Burung Alam seolah mengulangi trik lama, mengumpulkan energi biru langit dari tipe terbang, lalu menukik ke arah Ralulas.
Ralulas yang menutup mata segera merasakan arah Burung Alam dengan kekuatan mental, membuka mata, sendok di tangan mulai memancarkan kekuatan biru.
Kecepatan Burung Alam sangat unggul, jika terlalu jauh sulit mengendalikan lawan dengan kekuatan pikiran, jadi Ralulas memilih bersiap siaga.
Sebuah duel frontal akan segera terjadi.
Namun detik berikutnya, tubuh Burung Alam tiba-tiba menjadi kabur, dan dalam sekejap, gadis itu menghilang tanpa jejak di udara.
Hampir bersamaan, Burung Alam berpindah ke belakang Ralulas, melambaikan serangan paruh yang terbentuk dari energi biru, mengarah ke punggung Ralulas.
Sebelumnya Ralulas sudah terkena serangan paruh, dan jika punggungnya menerima dua serangan lagi, dengan fisik Ralulas yang rapuh, ia pasti sulit bertahan.
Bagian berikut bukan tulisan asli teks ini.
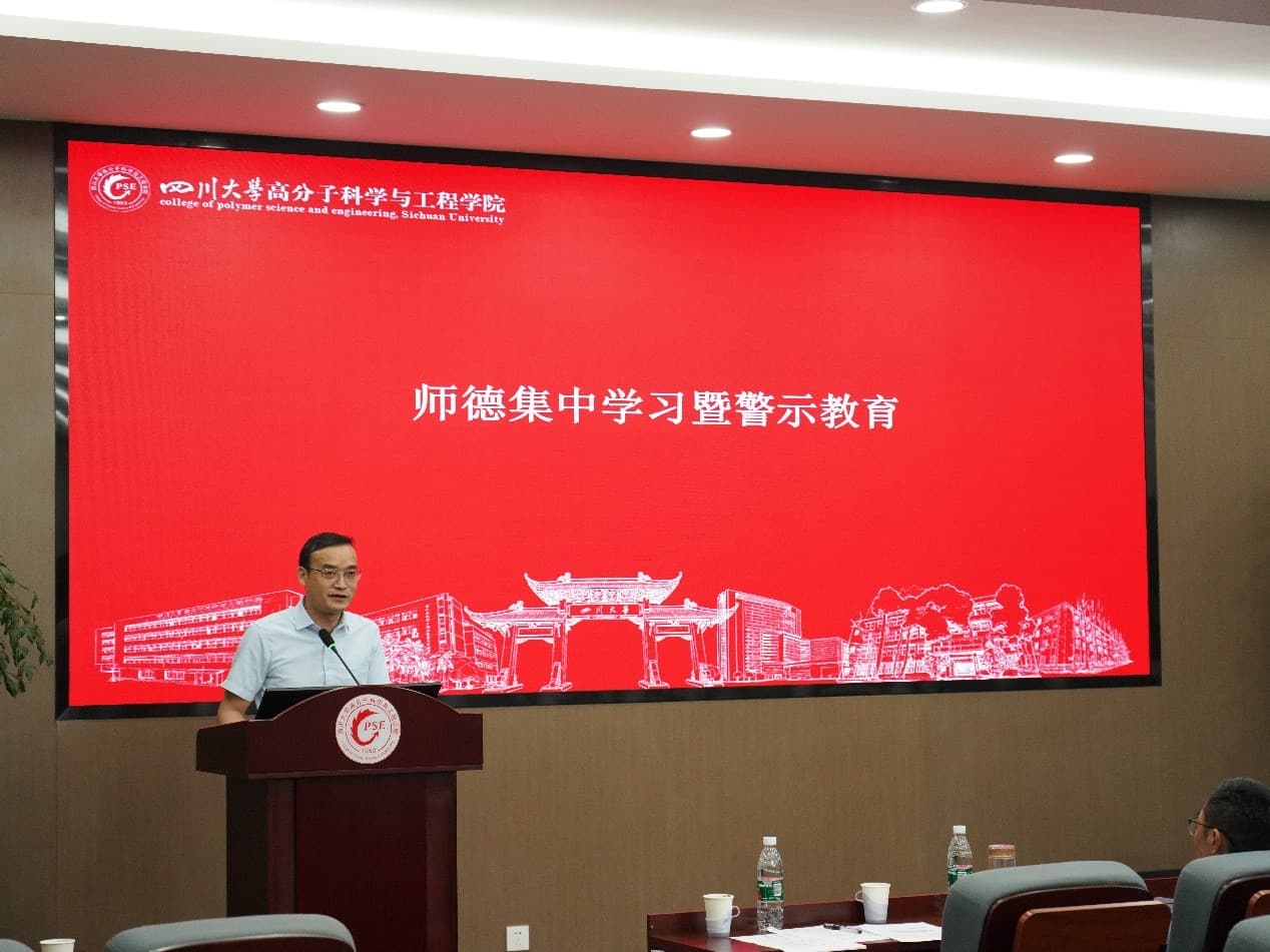 赵长生院长以《以科技创新支撑高质量发展》为题讲授了主题教育专题党课,他表示推动学院高质量发展,必须坚定不移贯彻新发展理念,厚植发展优势,全力推动科技创新,打造具有全球竞争力的先进高分子材料品牌。

Burung Alam bahkan menunjukkan ekspresi yakin akan kemenangan.
Namun dalam sekejap, tubuh Ralulas juga menjadi kabur, lalu menghilang dari tempatnya.
Serangan paruh Burung Alam, baik dari depan maupun belakang, tak mengenai apa-apa.
Wajah Long Tao Yi untuk pertama kalinya berubah drastis, "Sial!"
Ia tak sempat memberi instruksi baru.
Ralulas yang berpindah ke belakang Burung Alam akhirnya melepaskan kekuatan pikiran yang sudah lama dipersiapkan.
Bam!
Kali ini kekuatan pikiran sangat kuat, melebihi dua serangan sebelumnya, Burung Alam benar-benar tidak siap, lagi-lagi diserang dari belakang.
Tubuh gadis itu membentur tanah dengan wajah menghadap ke bawah, suara benturan keras terdengar, bahkan ia terseret beberapa meter di tanah, meski belum keluar arena, Burung Alam yang bangkit pun tampak limbung, terjatuh sangat parah.
Tubuh Burung Alam yang mungil dan ringan memberinya kelincahan serta kemampuan melompat yang baik, namun sebagai konsekuensi, tubuh tipisnya sulit menahan serangan yang berat.
Tiga kali berturut-turut terkena kekuatan pikiran, Burung Alam masih bisa berdiri hanya karena ia juga punya atribut psikis, sehingga serangan tipe psikis tidak terlalu melukai.
Namun demikian, Burung Alam hampir tidak sanggup berdiri.
"Serangan Suara Merdu!" Tang Yi segera berteriak.
Burung Alam berusaha mengepakkan sayap untuk melarikan diri ke udara, mengurangi efek suara, namun akibat jatuh keras tadi, gerakannya jadi jauh lebih lambat.
Lagu indah mulai bergema di arena, kekuatan serangannya tidak besar, tetapi cukup menjadi beban terakhir yang membuat Burung Alam tumbang.
Tubuh Burung Alam yang sudah sakit dan pusing, ditambah lagu yang memperparah rasa sakit di kepalanya, membuatnya tidak mampu bertahan, tubuh mungilnya goyah, akhirnya benar-benar terjatuh.
Tiiit!
Wasit meniup peluit, "Burung Alam tidak mampu bertarung, Ralulas menang!"
"Hebat sekali!"
Tang Yi bersorak gembira, berlari masuk ke arena, mengangkat Ralulas, berputar dua kali, "Ralulas, kau luar biasa!"
Lawan kali ini sangat kuat, bahkan lebih kuat dari Xiao Bing Jia kemarin.
Dulu pertarungan biasanya selesai dalam satu bab, sekarang sampai dua bab.
Namun mengalahkan lawan sekuat ini memberikan rasa pencapaian yang luar biasa.
Ralulas yang diangkat di depan umum merasa malu, namun hari ini, selain malu, wajah gadis itu juga terlihat bangga.
Sampai suara batuk sang wasit di kejauhan, Ralulas baru sadar, rasa malu langsung meledak, dan ia mendorong Tang Yi jauh-jauh.
Long Tao Yi juga datang membantu Burung Alam, mengeluarkan semprotan obat luka, menyemprotkan ke gadis itu, sehingga ia perlahan sadar, perawatan lebih lanjut akan dilakukan oleh dokter setelah keluar dari arena.